▶ **Assignment**:
Every line that contains "with" must be located and copied from the data.
==== Records ====
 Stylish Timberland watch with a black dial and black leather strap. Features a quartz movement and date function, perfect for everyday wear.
====
==== Records ====
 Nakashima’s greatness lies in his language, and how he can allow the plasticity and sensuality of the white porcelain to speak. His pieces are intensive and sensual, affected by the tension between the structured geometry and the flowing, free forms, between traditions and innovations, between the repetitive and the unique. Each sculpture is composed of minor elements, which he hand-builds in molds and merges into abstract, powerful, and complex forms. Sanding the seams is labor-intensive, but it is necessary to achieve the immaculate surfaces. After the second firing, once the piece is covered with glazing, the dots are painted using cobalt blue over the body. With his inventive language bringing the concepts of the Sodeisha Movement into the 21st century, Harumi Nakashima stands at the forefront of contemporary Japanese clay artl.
====
==== Records ====
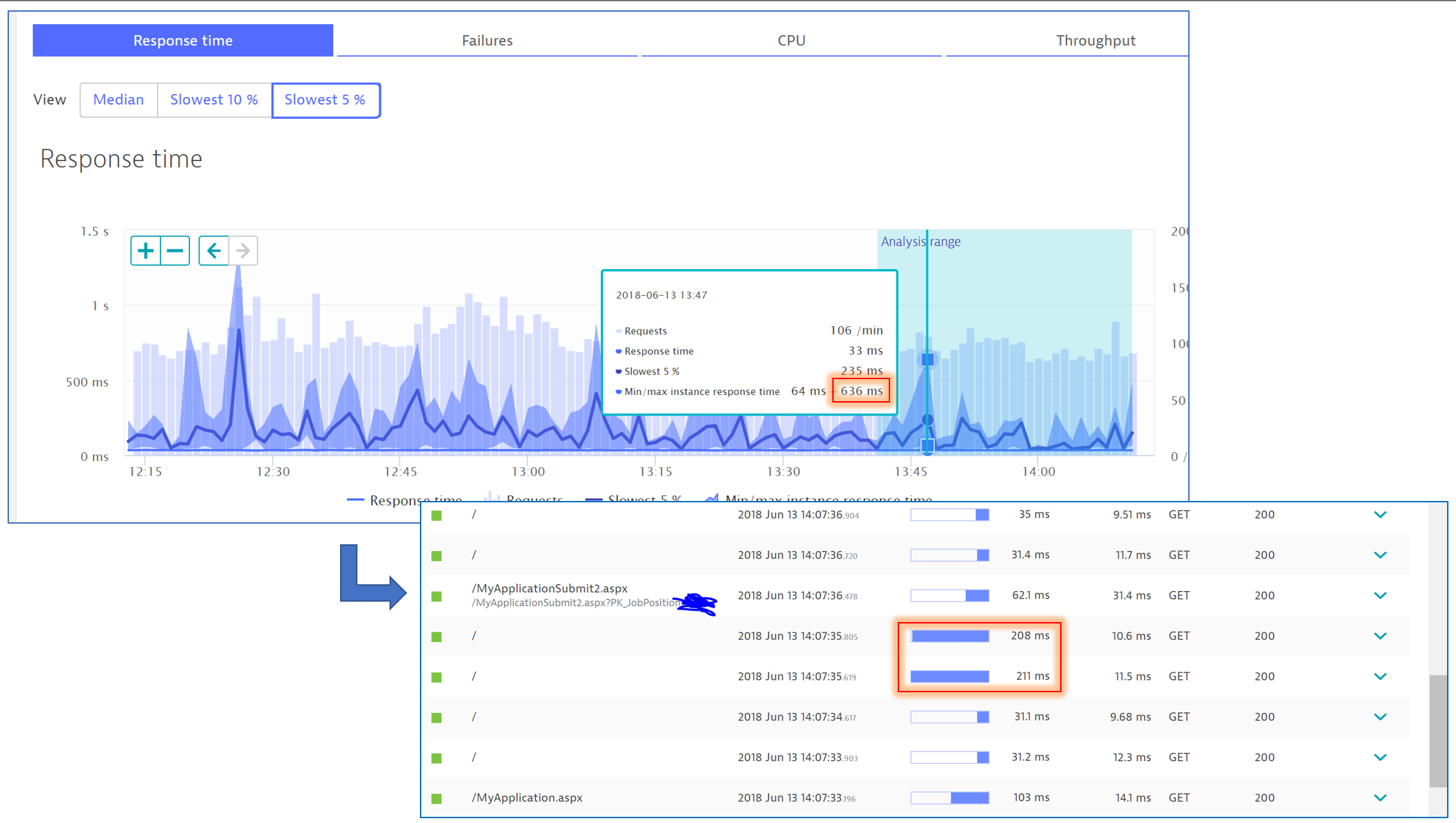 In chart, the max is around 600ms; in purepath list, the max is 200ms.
====
▶ **Result of the task**:
 Stylish Timberland watch with a black dial and black leather strap. Features a quartz movement and date function, perfect for everyday wear.
 Nakashima’s greatness lies in his language, and how he can allow the plasticity and sensuality of the white porcelain to speak. His pieces are intensive and sensual, affected by the tension between the structured geometry and the flowing, free forms, between traditions and innovations, between the repetitive and the unique. Each sculpture is composed of minor elements, which he hand-builds in molds and merges into abstract, powerful, and complex forms. Sanding the seams is labor-intensive, but it is necessary to achieve the immaculate surfaces. After the second firing, once the piece is covered with glazing, the dots are painted using cobalt blue over the body. With his inventive language bringing the concepts of the Sodeisha Movement into the 21st century, Harumi Nakashima stands at the forefront of contemporary Japanese clay artl.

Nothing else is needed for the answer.